Capítulo 1

Hai Xiu[1] recogió el montón de exámenes con los dedos temblorosos. Los diez minutos de estudio libre habían tocado a su fin y ahora debía repartir las hojas entre sus compañeros.
Su clase consistía en veintiocho alumnos sin contarle a él, así que sólo tenía que entregar veintisiete exámenes: no podía ser tan difícil. Un minuto y un segundo después, tenía la frente sudorosa y se consolaba pensando justo eso, que no era tan difícil.
Se había cambiado de escuela hacía un mes y ya recordaba el nombre de alguno de sus compañeros.

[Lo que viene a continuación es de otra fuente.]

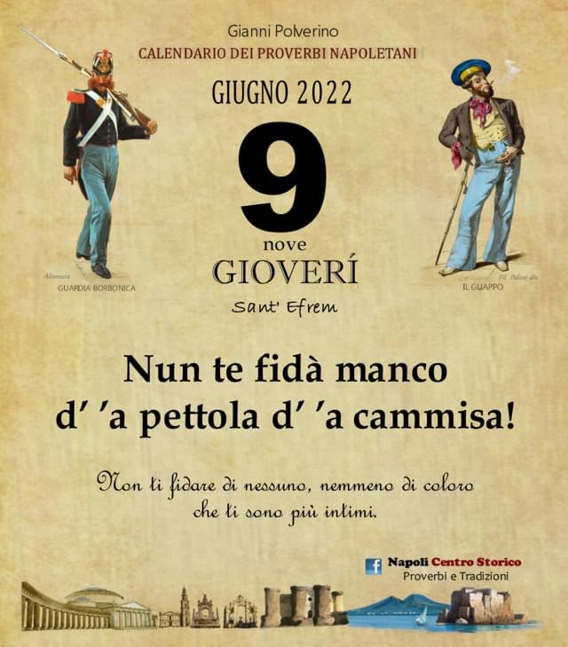 HomeATTUALITA'‘O PRUVERBIO D’ ‘O JUORNO. Giovedì 9 giugno 2022.

El de Wang Peng – con quien compartía escritorio – y el del delegado – Song Jiajia. Sólo le quedaban veinticinco más.
A Hai Xiu se le aceleró el corazón. Apenas podía pensar, todo lo que quería era buscar a la profesora y decirle que era incapaz de hacerlo. Sin embargo, su profesora se decepcionaría de ser así y, viendo lo buena que era con él, no podía permitirlo. Tal y como le había dicho su maestra, tenía que aprender a comunicarse con sus compañeros poco a poco, esto también era un paso hacia la cura. Sí, Hai Xiu tenía un trastorno de ansiedad social, más conocido como: “fobia social”. No es que fuese algo innato, aunque Hai Xiu siempre había sido tímido, pero no hasta el punto de ser incapaz de comunicarse con otros. Su enfermedad se desarrolló a causa del año de acoso escolar que padeció por una nimiedad: había sacado un treinta en su examen de inglés y había bajado la media de su clase de la que él era el mejor. El examen había sido un final importante y, además, él pertenecía a la clase de los “eruditos”. El profesor de Hai Xiu se enfadó y le regañó delante de toda la case e incluso le estresó durante una semana entera. Se acabó convirtiendo en el “pecador” de la clase y echó a perder los esfuerzos de todos sus compañeros.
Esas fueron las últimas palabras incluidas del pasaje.